#### What you have to do
Could you copy exactly the lines below from the one with "Guests can select" to the one with "재범 위험성 평가에서", inclusive, leaving out any pictures?

#### Source material

%%

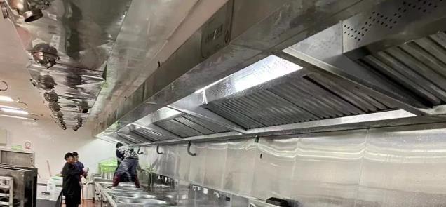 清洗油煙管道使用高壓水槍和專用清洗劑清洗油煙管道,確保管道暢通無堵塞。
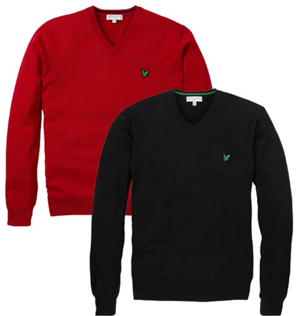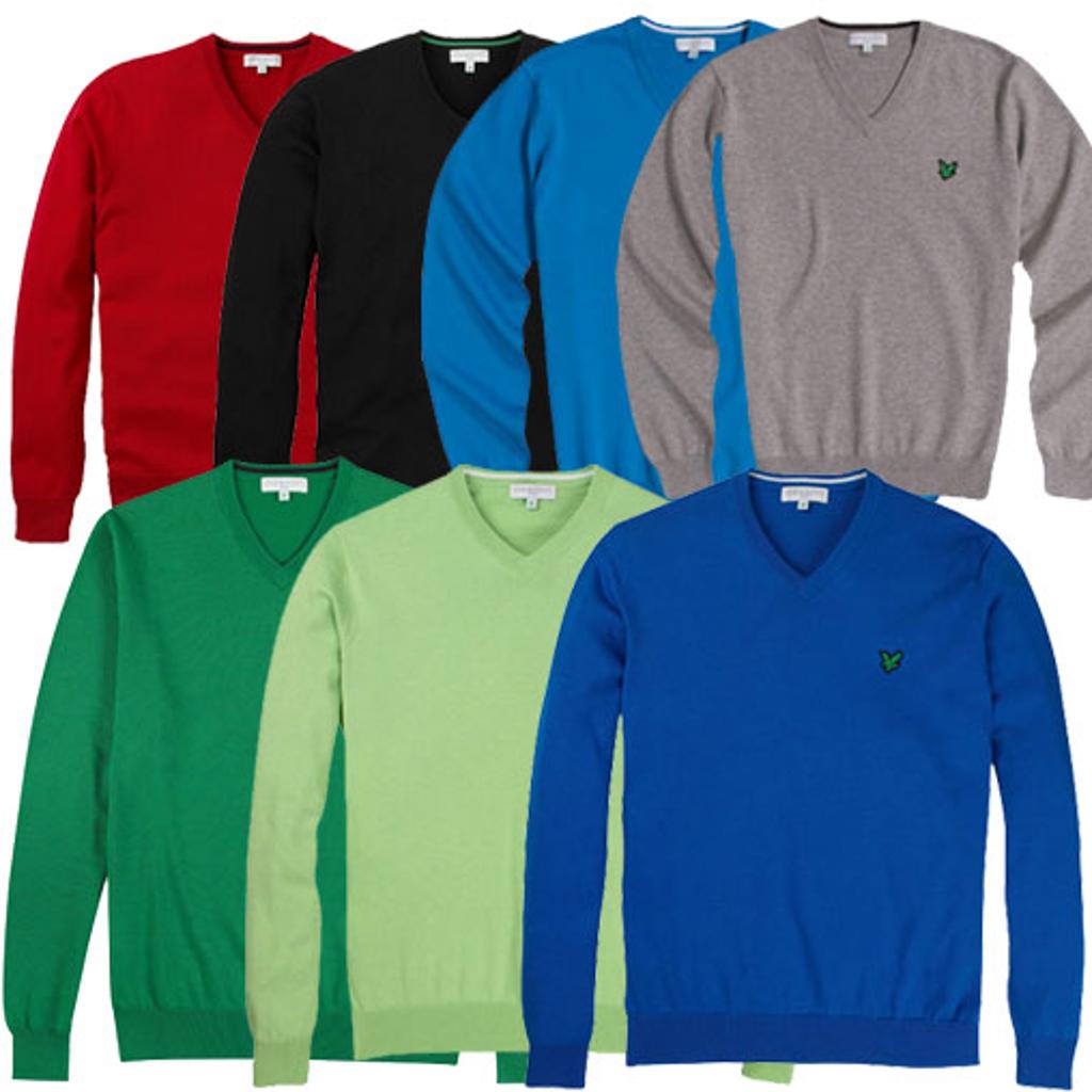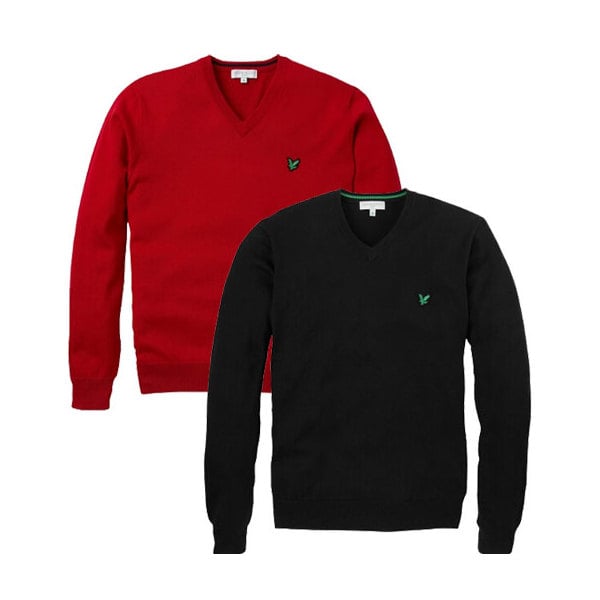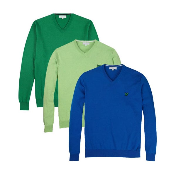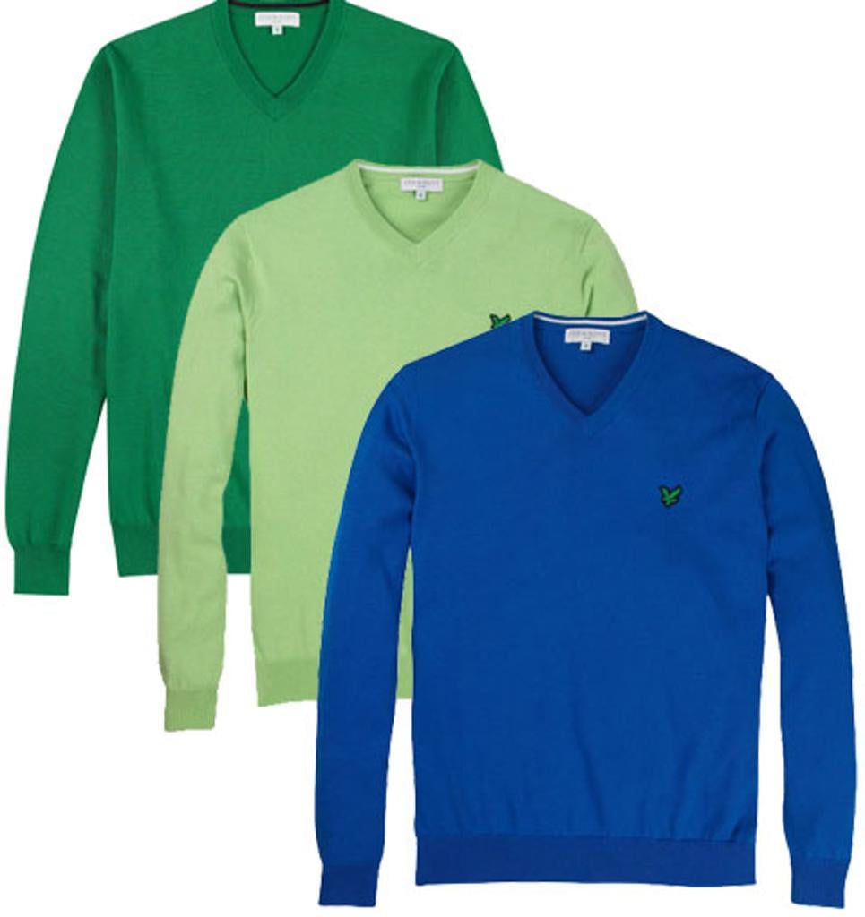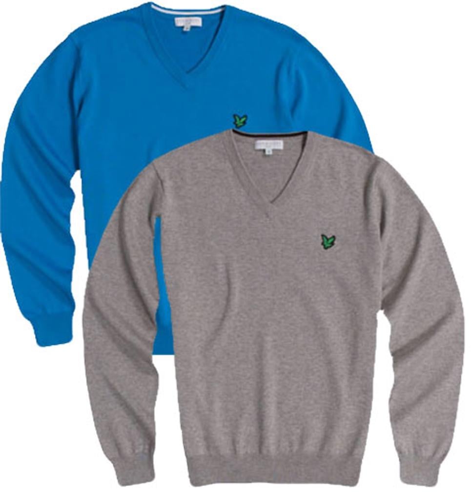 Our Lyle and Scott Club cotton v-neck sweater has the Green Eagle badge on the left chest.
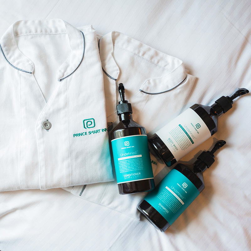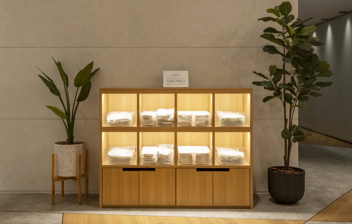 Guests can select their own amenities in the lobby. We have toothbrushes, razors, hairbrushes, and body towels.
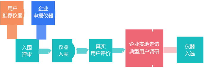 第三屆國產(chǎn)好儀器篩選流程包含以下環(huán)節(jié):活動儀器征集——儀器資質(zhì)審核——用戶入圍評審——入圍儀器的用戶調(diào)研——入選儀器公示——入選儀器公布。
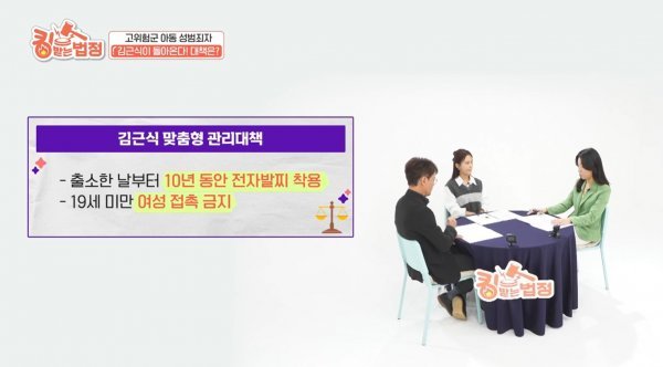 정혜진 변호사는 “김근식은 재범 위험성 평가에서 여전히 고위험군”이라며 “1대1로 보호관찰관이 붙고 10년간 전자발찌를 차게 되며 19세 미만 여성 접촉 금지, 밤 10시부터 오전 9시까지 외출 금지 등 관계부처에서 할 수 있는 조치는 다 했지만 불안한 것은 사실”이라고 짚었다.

%%
%%

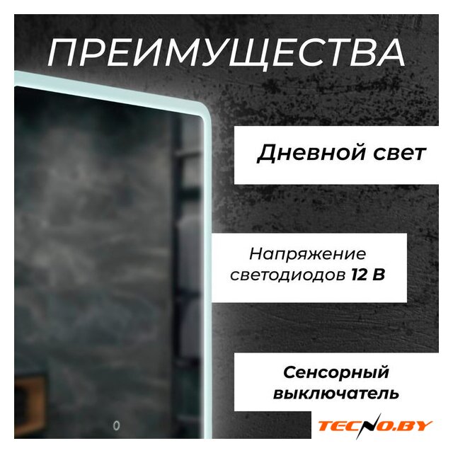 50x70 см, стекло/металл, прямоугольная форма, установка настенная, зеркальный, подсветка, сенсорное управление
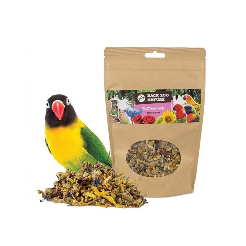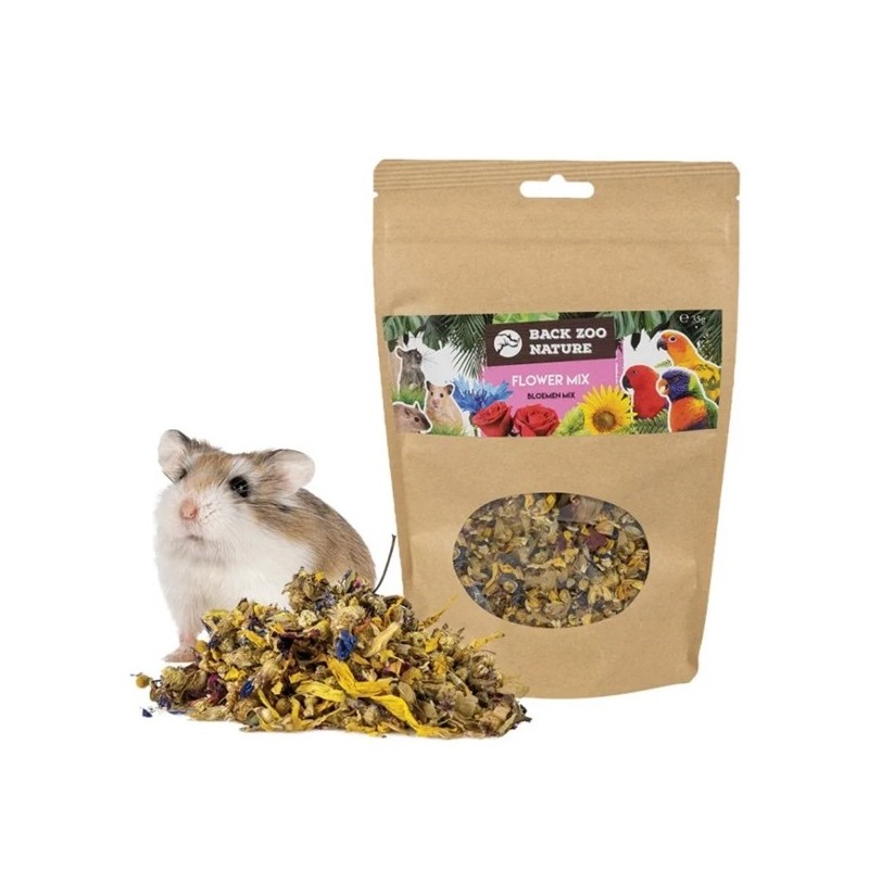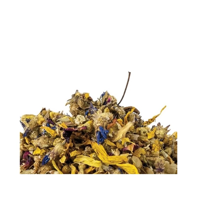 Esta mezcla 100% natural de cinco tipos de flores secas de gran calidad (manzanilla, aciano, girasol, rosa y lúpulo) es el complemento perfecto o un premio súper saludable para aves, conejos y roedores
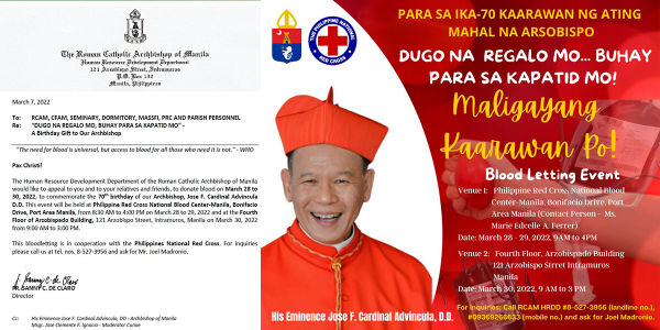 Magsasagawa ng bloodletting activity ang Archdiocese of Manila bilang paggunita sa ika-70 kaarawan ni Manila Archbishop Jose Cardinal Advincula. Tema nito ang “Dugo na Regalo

%%

#### The completed task
 Guests can select their own amenities in the lobby. We have toothbrushes, razors, hairbrushes, and body towels.
 第三屆國產(chǎn)好儀器篩選流程包含以下環(huán)節(jié):活動儀器征集——儀器資質(zhì)審核——用戶入圍評審——入圍儀器的用戶調(diào)研——入選儀器公示——入選儀器公布。
 정혜진 변호사는 “김근식은 재범 위험성 평가에서 여전히 고위험군”이라며 “1대1로 보호관찰관이 붙고 10년간 전자발찌를 차게 되며 19세 미만 여성 접촉 금지, 밤 10시부터 오전 9시까지 외출 금지 등 관계부처에서 할 수 있는 조치는 다 했지만 불안한 것은 사실”이라고 짚었다.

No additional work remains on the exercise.